Movie Park Germany is a theme park in Bottrop-Kirchhellen in western Germany, 50 km north of Düsseldorf, with an area of 40 ha. It consists of 7 areas based on movies and TV series. Nearby the park are several film studios.

==History==
===Early years===
The park originally opened under the name "Kirchhellener Märchenwald" in 1967. Märchenpark was run by the West German family Allekötter. The park featured attractions consisting of huts in the woods where guests could press buttons to listen to different fairy tales. A couple named Hans and Ida Rosenberg bought the park after the 1976 season. They operated the park under the name "Traumlandpark". This became their second park, the first being the Tuddern safari park in Tüddern, West Germany which they purchased from Mr. Löffelhardt and Mr. Schmidt, who sold the park so they could focus on their newest project, Phantasialand. In 1985, the Rosenbergs ran out of money and had to declare bankruptcy with the debt of €22 million.

Wolf-Dieter Jahn from Essen, West Germany and Alexandre Berthé from France, who had previously worked at the park, bought it in 1986 and reopened it in 1987 under the name "Neue Traumland". In 1989, they decided to sell the park to Bavaria Film and it closed again on 31 August 1991. The park opened on 6 June 1992 under the name "Bavaria Filmpark". This park was originally scheduled to open in May 1991. The park closed in 1993 after not becoming very popular.

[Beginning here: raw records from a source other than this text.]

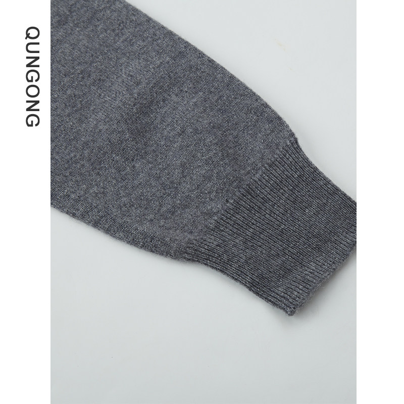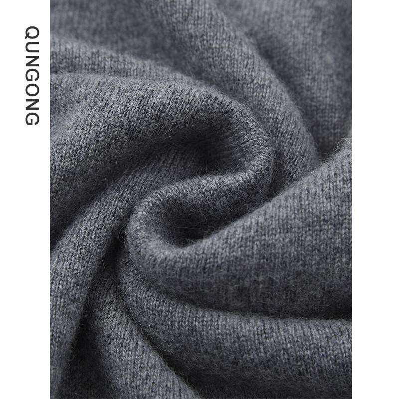 群工2025秋冬新款套头V领纯羊绒衫男士纯色内搭保暖长袖毛衣
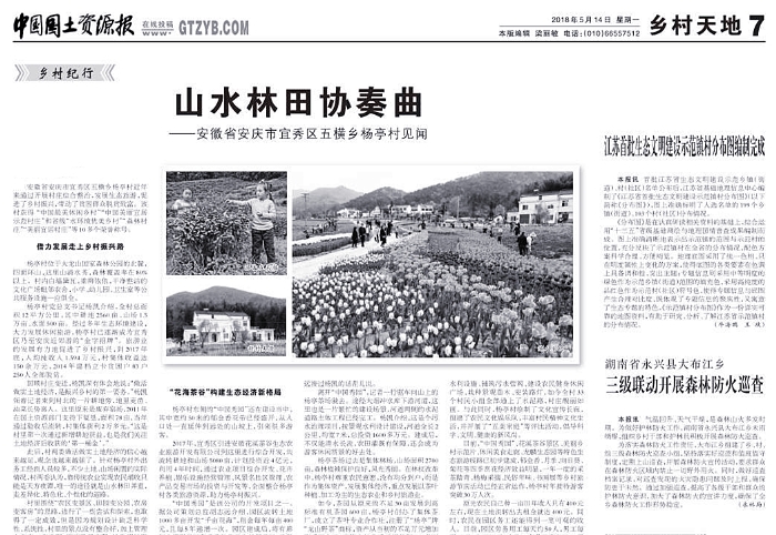 安徽省安慶市宜秀區五橫鄉楊亭村近年來通過開展村莊綜合整治,發展生態旅游,促進了鄉村振興,帶動了貧困群眾脫貧致富。該村獲得 “中國最美休閑鄉村”“中國美麗宜居示范村莊”和省級“水環境優美鄉村”“森林村莊”“美麗宜居村莊”等10多個榮譽稱號。
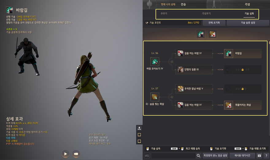 - 전승/각성 여부와 무관하게 주무기와 각성무기, 기술 심화 카테고리를 분리해서 확인할 수 있습니다.
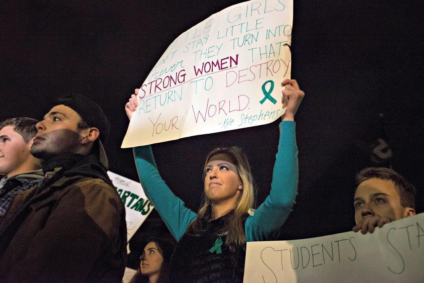 | A woman holds a sign as students gather to listen to speakers during a protest Friday at Michigan State University. |
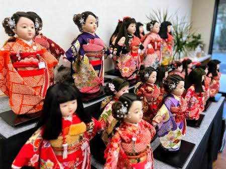 その後、明治・大正時代は京都と東京で盛んに作られていましたが、昭和2年にアメリカから「日本の雛祭りに一緒に飾ってほしい」と送られてきた友情人形12,739体のお礼に、市松人形58体をアメリカの各都市に贈ったことがきっかけで、市松人形は一躍有名になりました。

===Warner Bros. Movie World Germany===
In December 1993, Warner Bros. purchased the location, and began construction on "Warner Bros. Movie World Germany" in May 1994, in the presence of politician Johannes Rau. Zeitgeist Design and Production's Ryan Harmon conceived, wrote and managed the design team for Warner Bros. Movie World Germany's rides, shows and attractions. Botticelli's – Atelier der angewandten Malerei, Sanderson Group and Kevin Cardani designed and painted the park's theming, with Alan Griffith Architect and Alder Constructions also participating in the park's development. After two years of construction, the park had a grand opening on 29 June 1996 with 20,000 invited guests, including Rau, Ernst Löchelt, August Everding, Gustava Everding, Michael Douglas, Sophia Loren, Ron Williams, Amanda Lear, David Copperfield, Claudia Schiffer, Gudrun Schiffer, Chris O'Donnell, Hans Meiser and Heinz Hoenig as special guests. During the event, a formation skydiver had an accident and later died from his injuries. The park opened to the general public on 30 June 1996.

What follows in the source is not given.